Changing Winds: The First Department Jurisprudence on Securities Fraud

Originally appeared in New York State Bar Association's Leaveworthy newsletter in the Fall/Winter 2015 edition

—by the Honorable James Catterson and Brian J. Isaac, Esq.

When Eugene O’Neill wrote in A Moon For The Misbegotten that, “there is no present or future, only the past, happening over and over again, now,” he surely never contemplated practicing law before New York’s Appellate Divisions. The famous futurist, Alvin Toffler, also no New York lawyer, would have been stymied by the Appellate Divisions had he reviewed a series of recent First Department decisions involving fraud in residential mortgage-backed securities transactions. Toffler wrote in Future Shock:

Rational behavior … depends upon a ceaseless flow of data from the environment. It depends upon the power of the individual to predict, with at least a fair success, the outcome of his own actions. To do this, he must be able to predict how the environment will respond to his acts. Sanity, itself, thus hinges on man’s ability to predict his immediate, personal future on the basis of information fed him by the environment.

The following cases demonstrate that, in the absence of en banc review, predicting the “immediate, personal future,” is a task not for the faint of heart when the stakes in the litigation are very high. It is not necessary to analyze the complex legal and factual scenarios that the cases present in order to take a few snapshots of the changing decisional landscape.
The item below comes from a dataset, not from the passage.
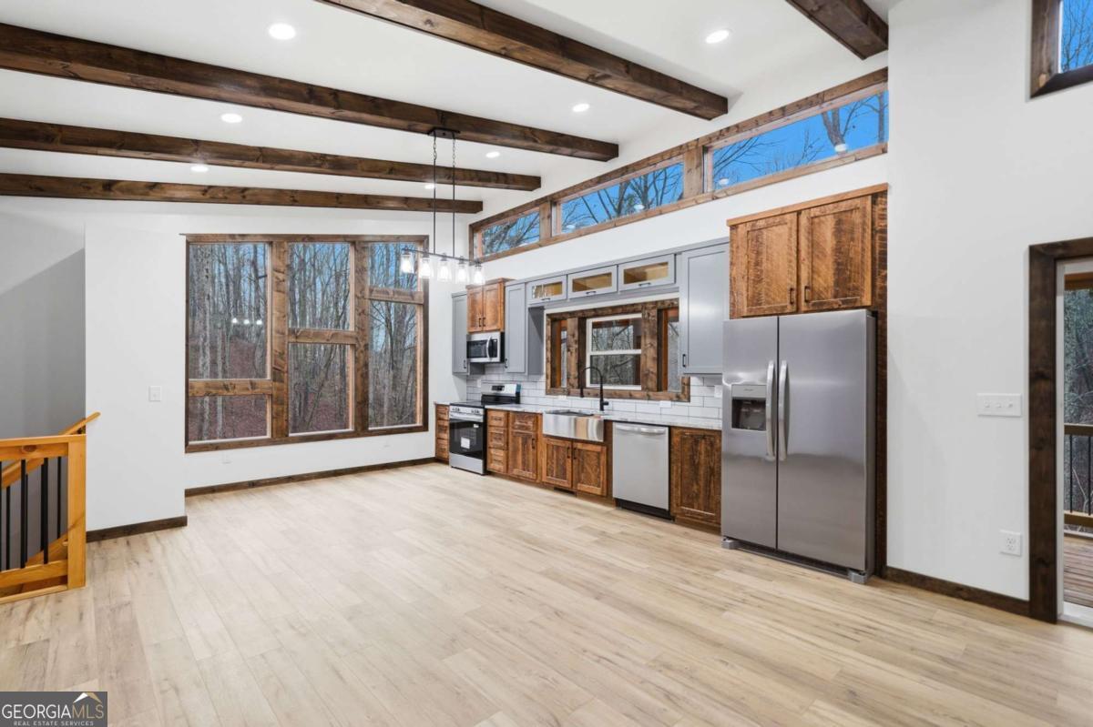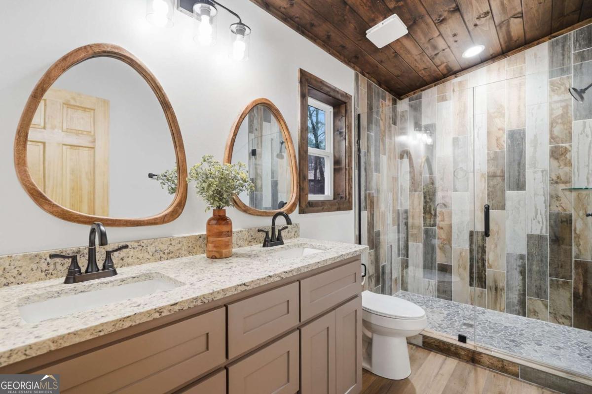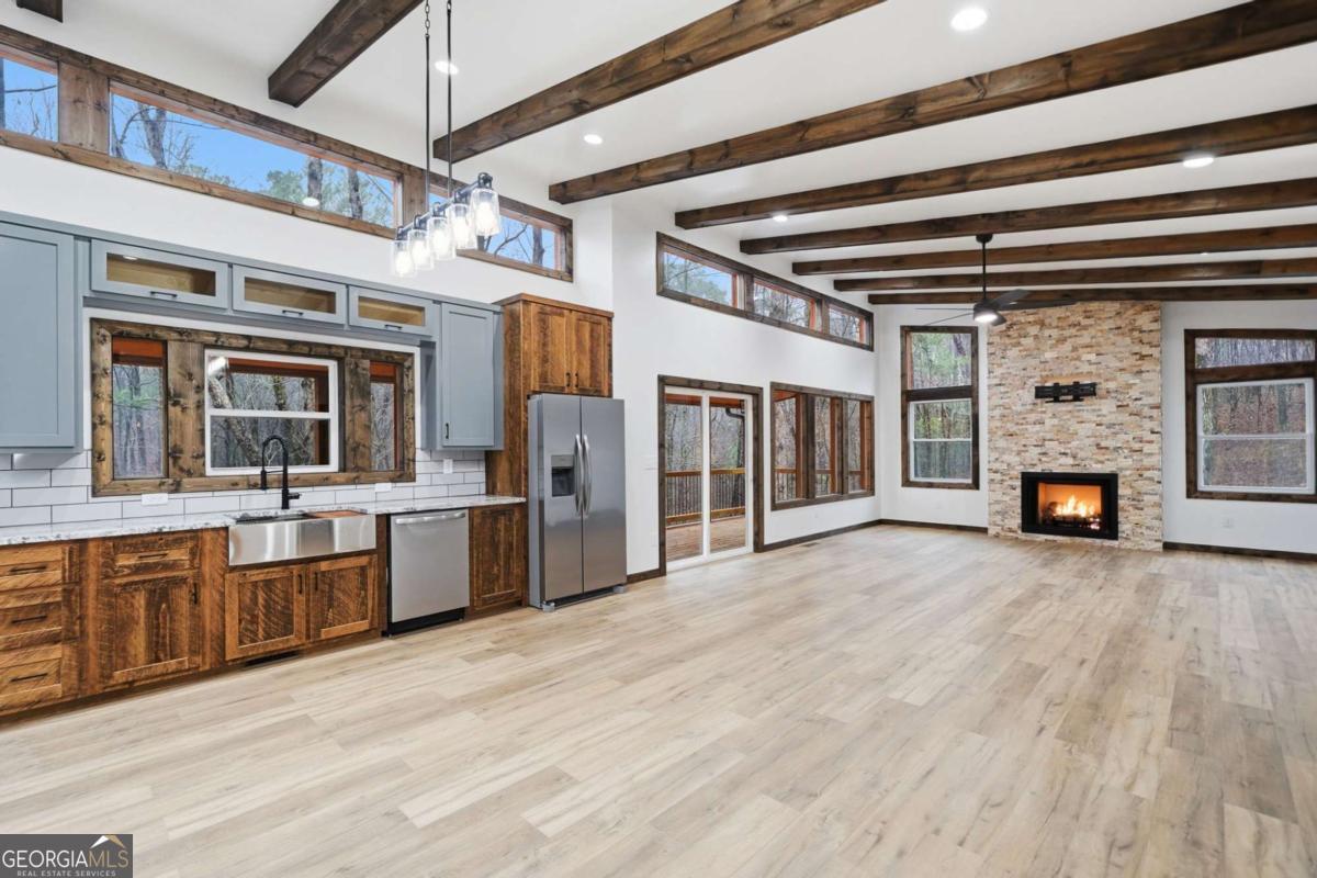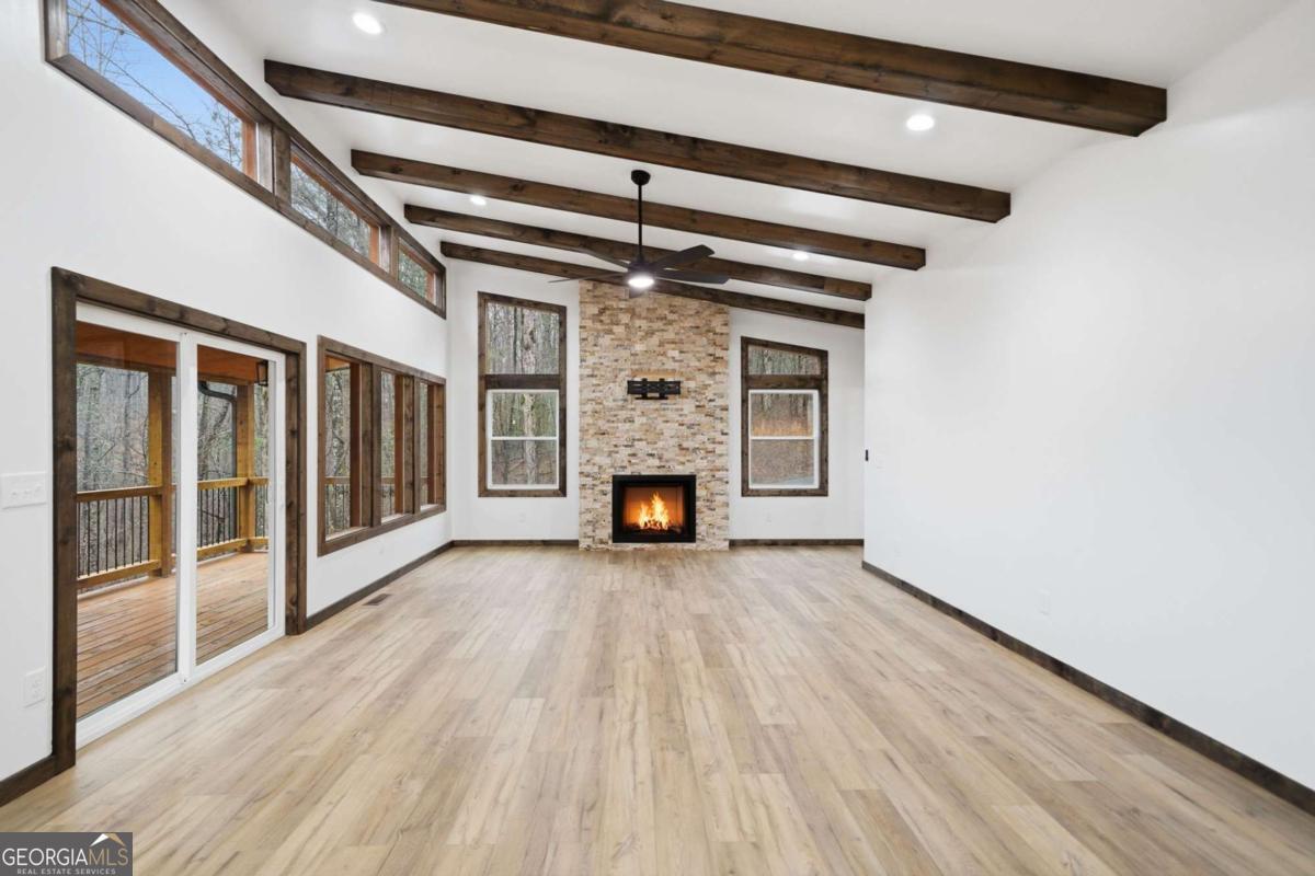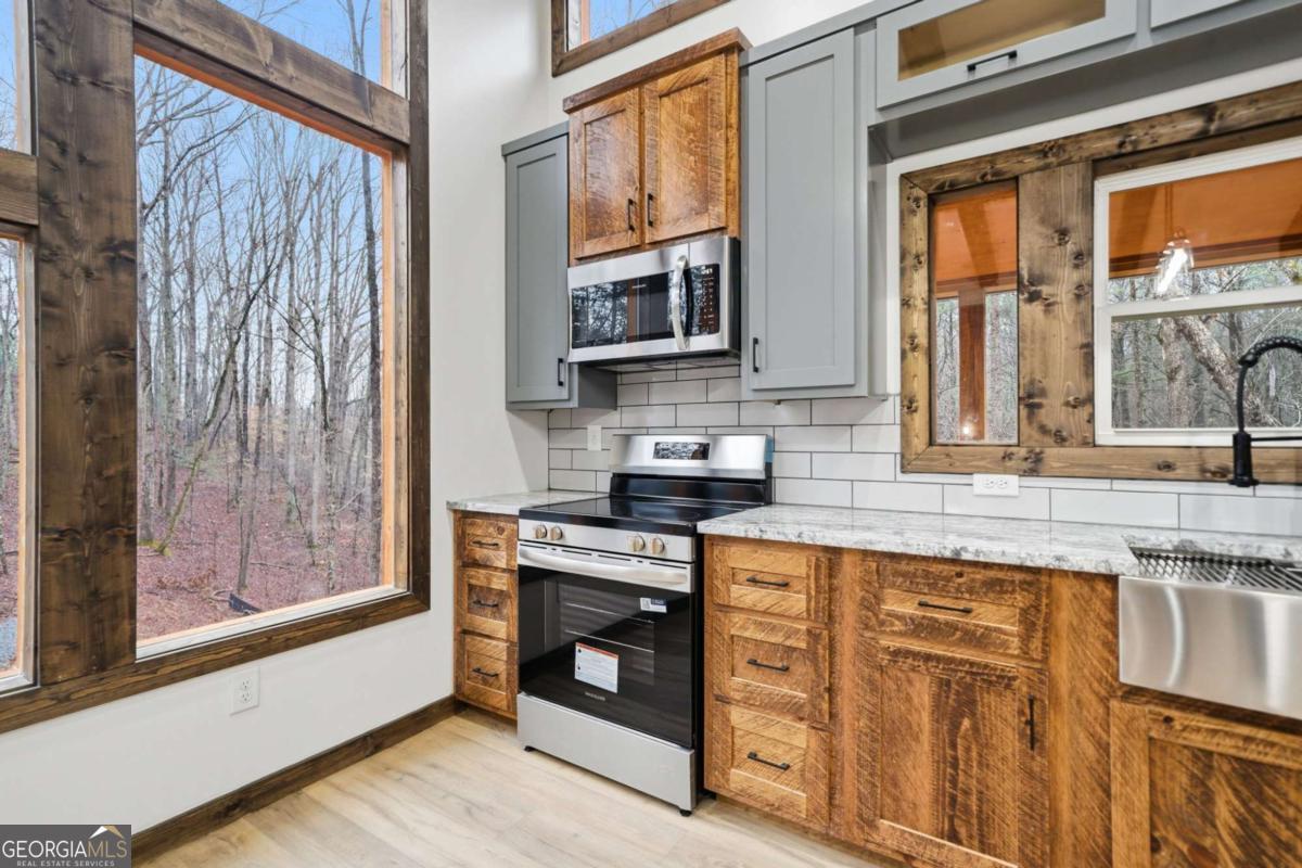 Dear Buyer, if you are looking for a NEW CONSTRUCTION quiet retreat, you will feel right at home at The Modern Monticello-a stunning new construction North Georgia cabin tucked into the trees of sought-after Coosawattee River Resort. Blending modern design with rustic mountain charm, this thoughtfully crafted home offers an open-concept layout with a spacious living, dining, and kitchen area-perfect for entertaining, relaxing, or maximizing short-term rental (STR) income potential. The kitchen is beautifully appointed with a pantry, granite countertops, farmhouse sink, and custom cabinetry, flowing seamlessly into the main living space anchored by a cozy fireplace and soaring ceilings. Lovely principal suite with double vanity and tiled shower on the main level. Step outside and experience what mountain living is all about-two levels of covered porches overlooking the peaceful forest, creating the ultimate indoor-outdoor lifestyle. Whether you're enjoying morning coffee, evening wine, or hosting guests, the setting is pure North Georgia magic. Designed with both comfort and functionality in mind, the home features: A rare mountain garage + lower-level parking (a huge win for buyers & renters) Horseshoe driveway with abundant parking-ideal for guests and STR turnover Dedicated laundry room Convenient half bath for guests Private hot tub + fire pit area for year-round enjoyment Located inside Coosawattee River Resort, owners and guests enjoy access to top-tier amenities including pools, fitness center, river access, parks, and more-making this an exceptional second home, vacation rental, or full-time residence. Be the very first to make memories in this brand-new Ellijay cabin.

Rather, the cautious appellate practitioner should find that a carefully constructed and easily understandable narrative may ultimately be the single most important factor in complex commercial cases dealing with securities.

All of the following cases involve litigation over fraud claims in the institutional sale of residential mortgage-backed securities (RMBS). All of the cases were commenced in the Commercial Division of New York County Supreme Court, after the financial crisis of 2007, where investors lost billions as the assets were rendered worthless. Since Wall Street is in New York County, which in turn is under the jurisdiction of the First Department, it is only to be expected that that appellate court would see a vast swath of securities cases.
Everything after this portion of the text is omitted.